*** Supplied material

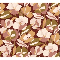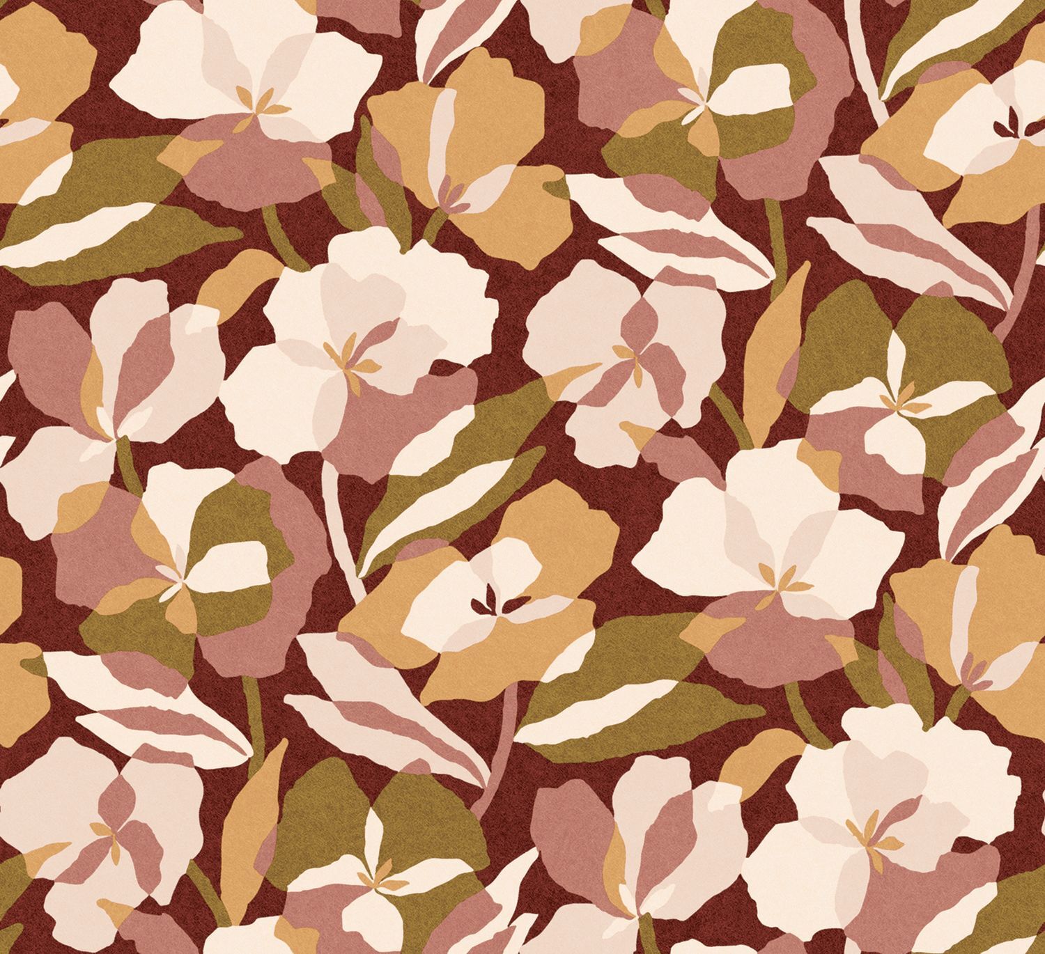 Often blooming in the depths of winter, its majestic flowers are held by long stems, the amaryllis is the epitome of elegance. Stylised and printed as planes of colour on a base with the look of blotting paper, the AMARYLLIS take centre stage in this contemporary composition, blending deep shades and overlapping flowers. A golden or coppery metallic films adds a touch of sophistication.
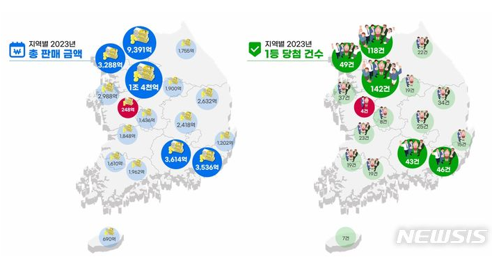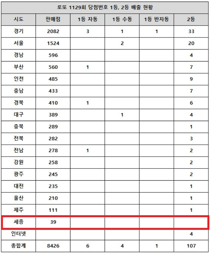 1등 당첨자를 배출한 지역은 전국 17개 시도 중 인구에 비례해 로또복권 판매점이 가장 많은 경기 2082곳 중 5곳(자동 3곳, 수동 1곳, 반자동 1곳)을 비롯해 서울 1524곳 중 1곳(수동), 부산 560곳 중 1곳(자동), 경북 410곳 중 1곳(자동), 대구 389곳 중 1곳(수동), 전남 278곳 중 1곳(자동)입니다. 이는 전국적으로 로또 복권에 대한 관심이 얼마나 큰지를 보여주는 동시에, 다양한 지역에서 당첨자가 나올 수 있음을 시사합니다.
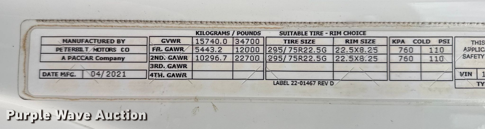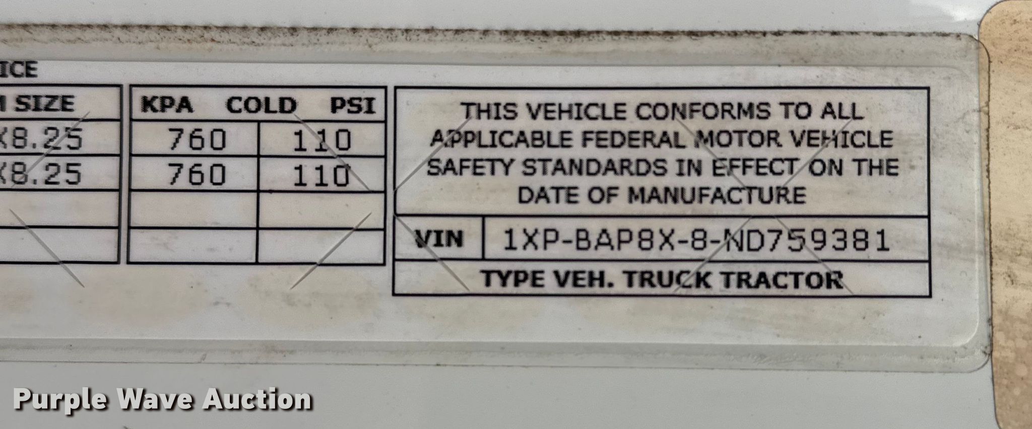 - VIN: 1XPBAP8X8ND759381
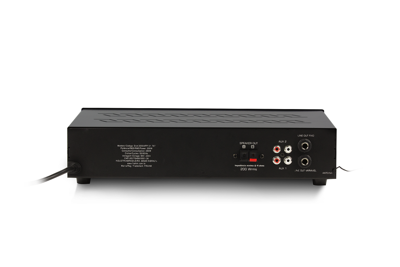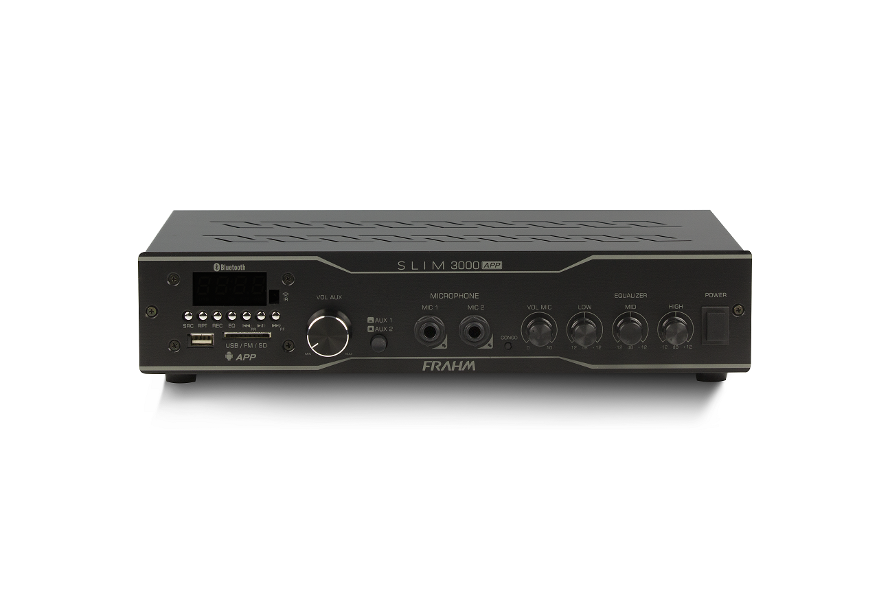 O amplificador Slim 3000 APP possui 200 Watts RMS de potência e é ideal para médios ambientes. Possibilita comando de funções via aplicativo Frahm. Possui conexão USB, SD Card, auxiliar (RCA), entradas p/ 2 Microfones com função “Volume Inteligente” (Baixa a trilha sonora automaticamente quando usado), função gongo (emite sinal sonoro para chamar atenção para uma comunicação), Rádio FM e Bluetooth.

******

(Problem details): Repeat the whole of the material above exactly, but keep the pictures out.

(Result of the exercise):
 Often blooming in the depths of winter, its majestic flowers are held by long stems, the amaryllis is the epitome of elegance. Stylised and printed as planes of colour on a base with the look of blotting paper, the AMARYLLIS take centre stage in this contemporary composition, blending deep shades and overlapping flowers. A golden or coppery metallic films adds a touch of sophistication.
 1등 당첨자를 배출한 지역은 전국 17개 시도 중 인구에 비례해 로또복권 판매점이 가장 많은 경기 2082곳 중 5곳(자동 3곳, 수동 1곳, 반자동 1곳)을 비롯해 서울 1524곳 중 1곳(수동), 부산 560곳 중 1곳(자동), 경북 410곳 중 1곳(자동), 대구 389곳 중 1곳(수동), 전남 278곳 중 1곳(자동)입니다. 이는 전국적으로 로또 복권에 대한 관심이 얼마나 큰지를 보여주는 동시에, 다양한 지역에서 당첨자가 나올 수 있음을 시사합니다.
 - VIN: 1XPBAP8X8ND759381
 O amplificador Slim 3000 APP possui 200 Watts RMS de potência e é ideal para médios ambientes. Possibilita comando de funções via aplicativo Frahm. Possui conexão USB, SD Card, auxiliar (RCA), entradas p/ 2 Microfones com função “Volume Inteligente” (Baixa a trilha sonora automaticamente quando usado), função gongo (emite sinal sonoro para chamar atenção para uma comunicação), Rádio FM e Bluetooth.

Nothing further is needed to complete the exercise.